This large, plant-eating dinosaur roamed the Earth during the late Jurassic period, between 155 and 145 million years ago, alongside dinosaurs such as Apatosaurus, Diplodocus, Brachiosaurus, and Allosaurus.
The name is derived from the Greek stegos ("roof") and sauros ("lizard") due to the early but mistaken belief that this dinosaur's armored plates lay flat over its back, overlapping like the shingles or tiles on a roof.
While some paleontologists argue that its spiked tail was meant for display only, most believe the tail was used as a weapon. A recent study found a high incidence of trauma-related damage to Stegosaurus tail spikes, lending more weight to the position that they were indeed used for combat.

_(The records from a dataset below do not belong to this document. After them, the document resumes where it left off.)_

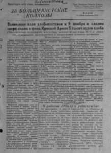 За большевистские колхозы № 50 (1043) Безоговорочно выполнять задания по хлебосдаче Проходит предоктябрьская фронтовая декада. 25 о к т я б р я колхозы нашего района должны отчитаться о выполнении декадного фронтового задания по хлебосдаче. Но многие колхозы сорвали выполнение заданий по хлебо заготовкам. Колхозы Ново-По- росского сельсовета (председатель и секретарь парторганизации тов. Гаврин) соверСдадим к 25 октября сверх плана в фонд Красной Армии 300 пудов х л е б а Обязательства колхозников и колхозниц колхоза „3-й райсъезд советов“ Мы, КОЛХОЗНИКИ и колхозницы сельхозартели 3-й рай- с ’езд советов14, обсудив обращение колхозников и колхозниц Черепановского района и колхоза „Б ол ьш еви к4, Мош- ковского района о п р е д о к тябрьском социалистическом соревновании за досрочное выполнение плана хлебосдачи шенно не участвовали в эти и сверхплановую сдачу хле- дни в хлебосдаче. Колхоз с радостью поддерживаем „Советский путь , Ново-Со- их почин# Мы включаемся в курского сельсовета, за 5 дней всего сдал 43 центнера, сорвав фронтовое задание. Ме'жпредоктябрьскоесоревнование, дадим* больше хлеба и д р у гих продуктов ф рон ту и поду тем в. этом колхозе лежит можем Красной Армии в оконА 4 Н П Г П З Р Л Н Я Н П Ч 7 Т А Г К Н А ГТПТ4- г 1 много зерна, но здесь не при дожили усилий, чтобы высушить его. В колхозах им. Ворошилова и , Майское утро" преступно затягивают обмочательном разгроме немецко фашистских захватчиков. Мы берем на себя с л едую щие обязательства: Наш колхоз' досрочно рассчитался по комбайны и молотилки. Из-за! плохой организации обмолота здесь ежедневно срывается график вывозки зерна. В сельхозартели „ Б о р е ц 4 намолоченное и очищенное зерно лежит в амбаре, а хл ебо сда ча срывается. Все это говорит о том, что некоторые наши председатели колхозов и сельсоветов встали на путь срыва хлебозаготовок, а упол номоченные РК ВКП(б) и райисполкома этих колхозов и советов потеряли всякое чувство ответственности в борьбе за хлеб, не разоблачают в отдельных с л у ч а я х срывщиков хлебосдачи. Поэтому наш район не выполнил фронтового задания по хлебозаготовкам, данного на период фронтовой декады с 15 о к тября. Каждый колхоз и совхоз должен безоговорочно выполнять ежедневный гр аф и к по хлебосдаче. День и ночь ве- с"ти обмолот и вывозку хлеба, организовать тщательный сбор потерь. Сделать все, чтобы каждый колхоз и с о в х о з , с честью выполнил свои обязательства в предоктябрьском соревновании. Выполнить план вспашки зяби к 1 н о ябр я и тем самым заложить основу хорошего у р о ж а я в будущ ем году. Очистить и довести до полной кондиции семена к 5 ноября . Подготовить к зимовке ско- топомещения, оборудовать и утеплить скотные дворы, подвезти кормов к ферме не менее 2-х месячного запаса к 15 ноября. Мы выполнили план мясопоставок за 1944 год и сдали в счет плана 1945 года 24 центнера мяса, выполнили план развития животноводства и обязуемся приобрести и обучить 10 быков. Р ассчитаемся с го с у д а р с т вом по всем денежным платежам к 7 н о яб р я . Мы вызываем на социалистическое соревнование колхозы „Охотник4, „Общий т р у д 4 и „ Б о р е ц 4 и призываем всех колхозников и к о л хозниц района шире р а зв е р нуть предоктябрьское соревнование за досрочное выполнение плана хлебозаготовок и поставок го судар ству овощей ! сверхплановую сдачу хлеба и картофеля. Црцсударству. По 
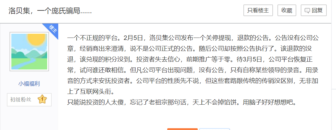 中新观察注意到,在“洛贝集”贴吧有众多会员纷纷留言咨询能否将投资款退回来,也有部分会员恍然大悟。那么,“洛贝集”涉嫌传销被查,其他会员投资款能要回来吗?
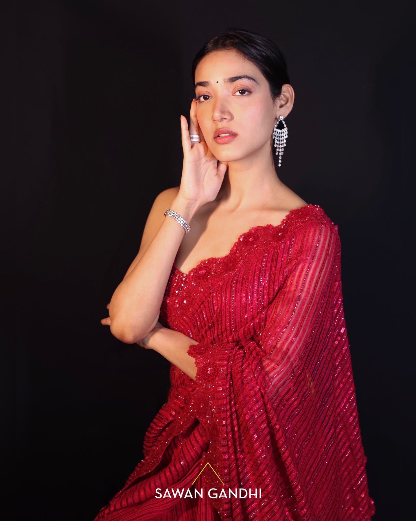 Red gicha sequins saree with appliqué work border paired with sequins blouse and a petticoat

The term paleontologists use for the spiked tail was inspired by one of Gary Larson's beloved "Far Side" cartoons, in which a group of cavemen are clustered around a picture of Stegosaurus. One of them points to the sharp spikes and says, "Now this end is called the thagomizer ... after the late Thag Simmons."
The myth of a second brain started in the 1870s, when Marsh first described and named Stegosaurus. He speculated that an extra-large space for the spinal cord in the dinosaur's hips may have functioned as a second brain that helped coordinate the stride of its long back legs with its short front legs. Marsh quickly abandoned this hypothesis because no other features of the hip bones confirmed the theory, but popular media had already latched onto the idea, and many ill-informed enthusiasts continue to spread it to this day.
Relative to its body size, Stegosaurus had the smallest brain of any known dinosaur. Its body was the size of a van, but its brain was the size of a walnut (about 2.8 oz).
By the early 1960s, two rows of alternating plates had become the dominant view, mainly because of the discovery of some fossils in which the plates were still partially articulated in this manner.
These plates may have helped Stegosaurus to control its body temperature, in a similar way to modern elephant and rabbit ears. The plates had blood vessels running through grooves and air flowing around the plates would have helped cool the blood.